You program is probably failing in trying to load the entire dataset into RAM. 32 bits per float32 × 1,000,000 × 1000 is 3.7 GiB. That can be a problem on machines with only 4 GiB RAM. To check that it's actually the problem, try creating an array of this size alone:
>>> import numpy as np
>>> np.zeros((1000000, 1000), dtype=np.float32)
If you see a MemoryError
, you either need more RAM, or you need to process your dataset one chunk at a time.
With h5py datasets we just should avoid passing the entire dataset to our methods, and pass slices of the dataset instead. One at a time.
As I don't have your data, let me start from creating a random dataset of the same size:
import h5py
import numpy as np
h5 = h5py.File('rand-1Mx1K.h5', 'w')
h5.create_dataset('data', shape=(1000000,1000), dtype=np.float32)
for i in range(1000):
h5['data'][i*1000:(i+1)*1000] = np.random.rand(1000, 1000)
h5.close()
It creates a nice 3.8 GiB file.
Now, if we are in Linux, we can limit how much memory is available to our program:
$ bash
$ ulimit -m $((1024*1024*2))
$ ulimit -m
2097152
Now if we try to run your code, we'll get the MemoryError. (press Ctrl-D to quit the new bash session and reset the limit later)
Let's try to solve the problem. We'll create an IncrementalPCA object, and will call its .partial_fit()

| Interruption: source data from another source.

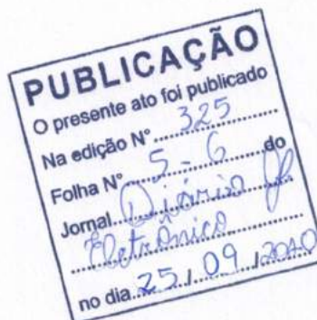
ADEMIR LUIZ MACIEL PREFEITO MUNICIPAL

Edifício da Prefeitura Municipal de Floresta, aos 25 (vinte e cinco) dias do mês de setembro do ano de 2020.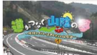
▲道がつなぐ山陰の夢 (テレビ放送)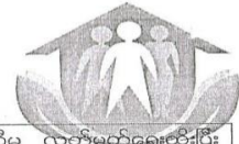
ပုံစံ - ၁ - ၄ ကျေးရွာအုပ်စုစီမံကိန်းလုပ်ငန်းခွဲရွေးချယ်ခြင်းပုံစံ (Form PC 4)

လမ်းညွှန်ချက်။ စီမံကိန်းလုပ်ငန်းခွဲရွေးချယ်မှုအစည်းအဝေးပြီးနောက်တွင် ကျေးရွာအုပ်စုမှ CF/TF တို့၏ အကူအညီရယူ၍ ကျေးရွာစီထောက်ကော်မတီမှ လက်မှတ်ရေးထိုးပြီး အဆိုပါပုံစံအား ပြည့်စုံအောင်ဖြည့်သွင်းရမည်။ ဤပုံစံအား ပြည့်စုံစွာဖြည့်သွင်းပြီးပါက ကျေးရွာအုပ်စုဖွံ့ဖြိုးတိုးတက်ရေးစီမံချက်တွင် TPIC သို့ ပေးပို့ရန်အတွက် နောက်ဆက်တွဲအဖြစ် ထားရှိရမည်။ CF မှ ကျေးရွာတစ်ရွာချင်းစီ၏ စီမံကိန်းလုပ်ငန်းခွဲဆိုင်ရာ အချက်အလက်များကို MIS သို့ ထည့်သွင်းရမည်။ (ယခုနစ်စီမံကိန်းလုပ်ငန်းခွဲ မလုပ်ကိုင်သော ကျေးရွာများ မပါဝင်ပါ။)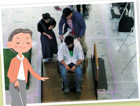
車いすに乗ってみよう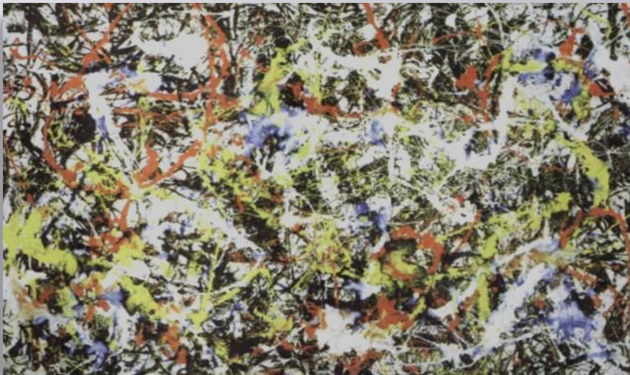
Дж. Поллок «№7» США

Но искусство живет и развивается. Потому что стремление к творчеству, желание взглянуть на мир по-своему - одно из главных качеств человеческой личности.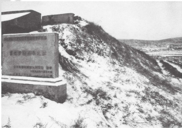
隆德页河子新石器遗址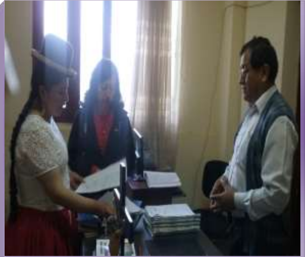
JUZGADO DE PARTIDO Y SENTENCIA MIXTO DE "COROICO"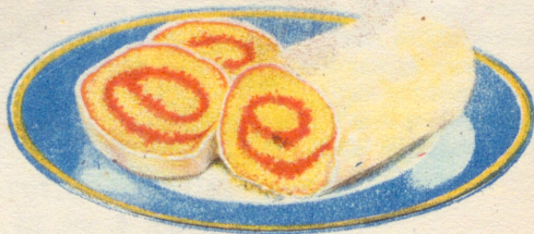
»Enkel rulltårta» Recept å sid. 16.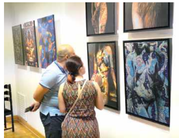
„Interesuje mnie kobiecość, seksualność, piękno ciała”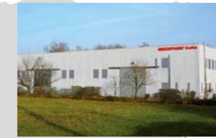
RINGSPANN Italia S.r.l., 意大利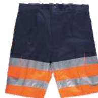
Marino/Naranja A.V. Navy/H.V. Orange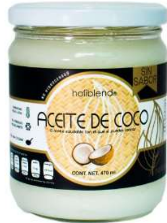
Aceite de COCO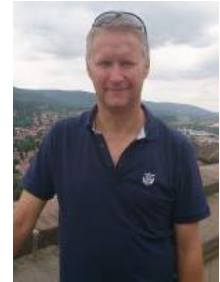
😊 KINKS 😊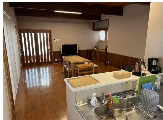
1階 リビング・キッチン

method many times, providing a different slice of the dataset each time.
import h5py
import numpy as np
from sklearn.decomposition import IncrementalPCA
h5 = h5py.File('rand-1Mx1K.h5', 'r')
data = h5['data'] # it's ok, the dataset is not fetched to memory yet
n = data.shape[0] # how many rows we have in the dataset
chunk_size = 1000 # how many rows we feed to IPCA at a time, the divisor of n
ipca = IncrementalPCA(n_components=10, batch_size=16)
for i in range(0, n//chunk_size):
ipca.partial_fit(data[i*chunk_size : (i+1)*chunk_size])
It seems to be working for me, and if I look at what top
reports, the memory allocation stays below 200M.